Some one was shaking him. Was it the cat? The Little Emperor opened his eyes and saw the frightened face of Princess Autumn Cloud bending over him, as yellow as a lemon, for she had jumped up out of bed when she heard him cry out in his sleep, and there hadn’t been time to put on the honey and the powder, to paint on the surprised black eyebrows or the round red mouth.

“Wake up, wake up, Little Old Ancestor!” she was crying as she shook him. “You’re having a bad dream!”

“Aren’t you the cat?” asked the Little Emperor, who wasn’t really awake yet.

“Certainly not, Little Old Ancestor!” replied his aunt, rather offended.

The Little Emperor climbed out of his bed. The room was full of the still white light that comes from snow, and looking out of the window he saw that the plum trees and the cherry trees looked as if they had blossomed in the night, the snow lay so white and light on every twig. Softly the snow fell, deep, deep it lay, and the people who passed by his windows went as silently as though they were shod in white velvet.

The Little Emperor thought of his dream, and decided that his little bird might suffer and die if he let it go free before winter was over. But he explained to the bird, and tried to make it happier.

“When summer comes, you shall fly away into the sky,” he told it. He brought it fruit and green leaves to peck at, talking to it gently. And the little bird seemed to understand. The dull eyes grew brighter; and though it never sang it sometimes chirped as if it were trying to say: “Thank you.”

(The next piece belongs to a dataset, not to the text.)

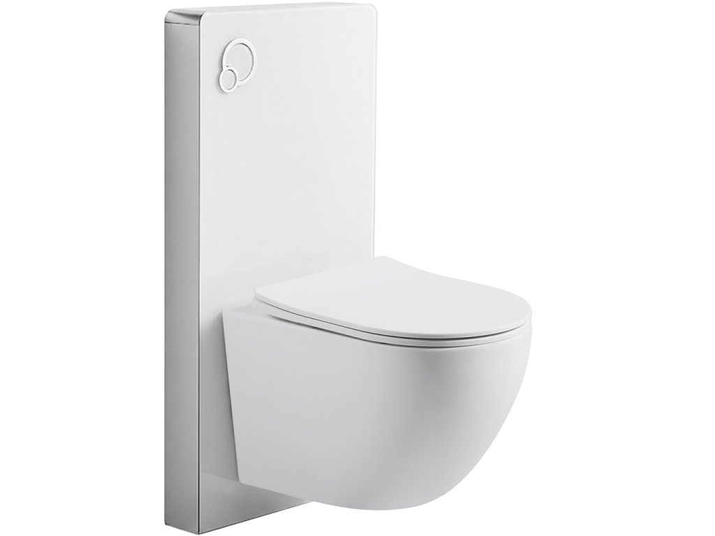 CERANO - Kompletní WC set sanitární splach. modul - bílá matná + WC závěsné Cesso, Vortex Rimless + Slim/UF sedátko - bílá matná - 49x36 cm
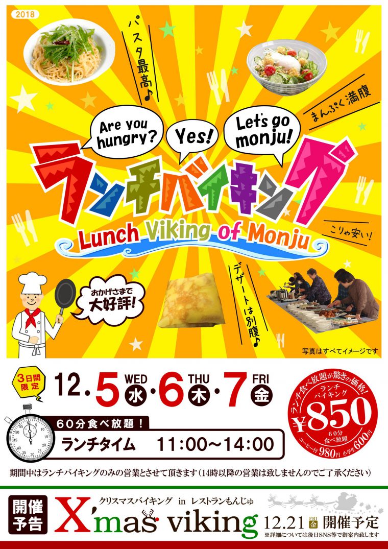 12/5(水)6(木)7(金)はもんじゅでランチバイキング!

On the first night of summer when the moon lay like a great round pearl in the deep blue sea of the sky, the Little Emperor slept, and dreamed again that the cage door opened for him and let him go free. But oh, what happiness now, happiness almost too great for a little boy to bear.

Peonies were in bloom, each petal like a big seashell, and blue butterflies floated over them in the warm sunshine. Half hidden in the grass the Little Emperor found a great purple fruit—a mulberry. How good it was!

The dewy spider webs glistened like the great tinsel Bridge to Heaven they built for him on every birthday. How happy he was! How happy! Free and safe! With the sun to warm him and the breeze to cool him; with food tumbling down from Heaven or the mulberry trees, he wasn’t sure which, with a crystal clear dewdrop to drink on every blade of grass. How happy he was!